Action item: In the entries that follow, the lines from the line containing "稼いでいないのに稼いでいるフ" up to and including the line containing "To define this" must be copied exactly, with pictures omitted.

━━ Data section ━━

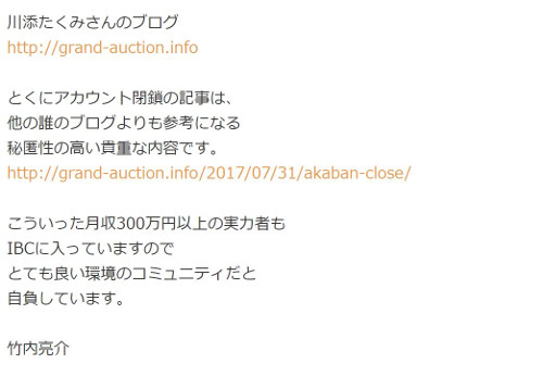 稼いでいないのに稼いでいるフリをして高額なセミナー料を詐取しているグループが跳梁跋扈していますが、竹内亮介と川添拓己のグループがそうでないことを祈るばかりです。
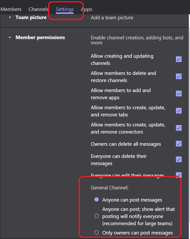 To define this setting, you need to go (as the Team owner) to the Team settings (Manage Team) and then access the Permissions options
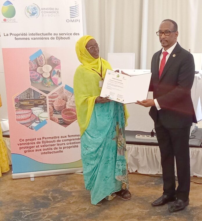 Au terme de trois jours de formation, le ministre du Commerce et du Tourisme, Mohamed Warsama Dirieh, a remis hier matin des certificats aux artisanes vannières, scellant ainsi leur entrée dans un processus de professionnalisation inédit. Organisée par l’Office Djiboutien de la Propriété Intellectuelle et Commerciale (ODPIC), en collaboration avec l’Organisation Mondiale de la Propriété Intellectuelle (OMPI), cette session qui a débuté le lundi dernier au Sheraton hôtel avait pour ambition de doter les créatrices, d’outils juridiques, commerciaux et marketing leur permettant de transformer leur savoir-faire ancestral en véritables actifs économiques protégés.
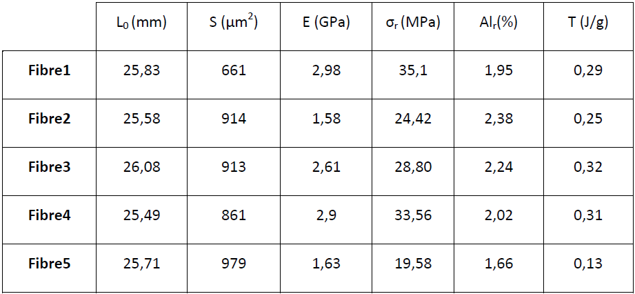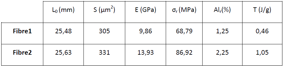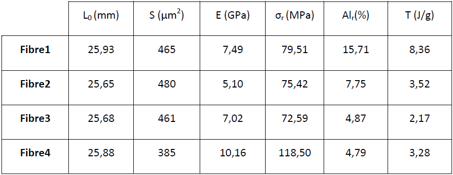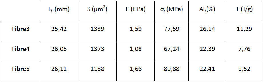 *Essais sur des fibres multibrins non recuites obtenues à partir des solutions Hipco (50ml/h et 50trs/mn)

━━━
━━ Data section ━━

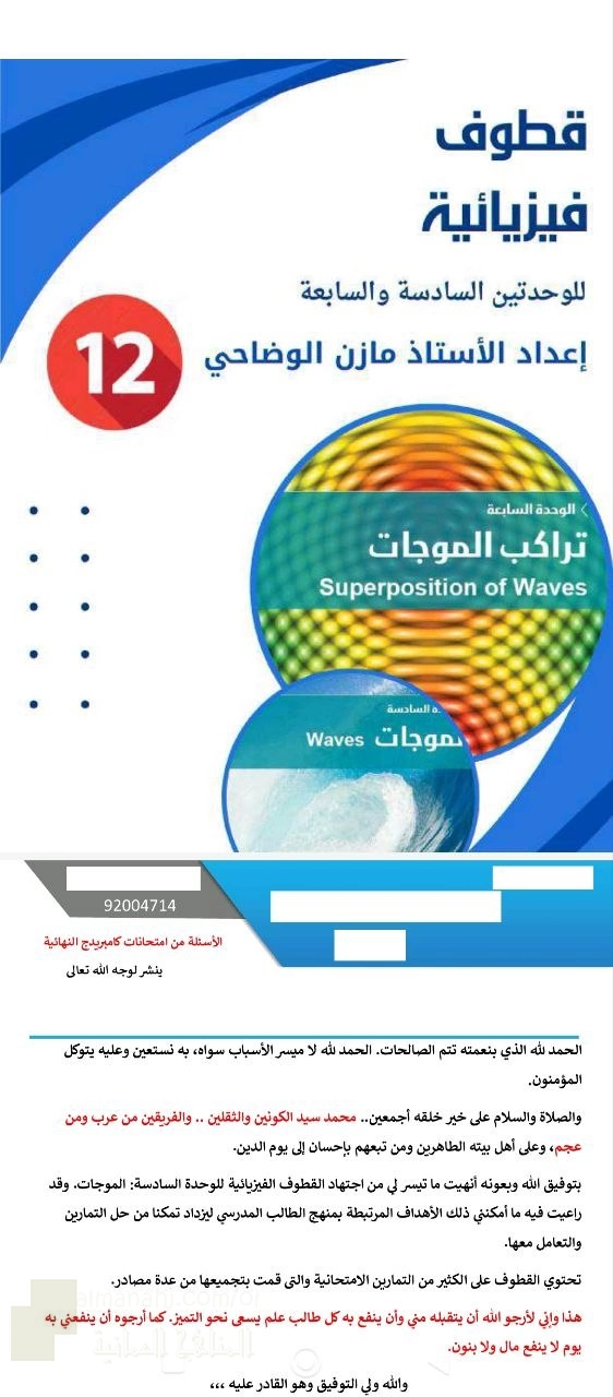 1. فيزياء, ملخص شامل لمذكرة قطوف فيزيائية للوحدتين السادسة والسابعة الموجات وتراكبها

━━━
━━ Data section ━━

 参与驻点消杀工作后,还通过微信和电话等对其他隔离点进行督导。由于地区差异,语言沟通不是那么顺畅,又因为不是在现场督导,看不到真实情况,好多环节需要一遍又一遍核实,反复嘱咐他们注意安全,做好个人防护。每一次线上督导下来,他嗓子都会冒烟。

━━━

Finished exercise:
 稼いでいないのに稼いでいるフリをして高額なセミナー料を詐取しているグループが跳梁跋扈していますが、竹内亮介と川添拓己のグループがそうでないことを祈るばかりです。
 To define this setting, you need to go (as the Team owner) to the Team settings (Manage Team) and then access the Permissions options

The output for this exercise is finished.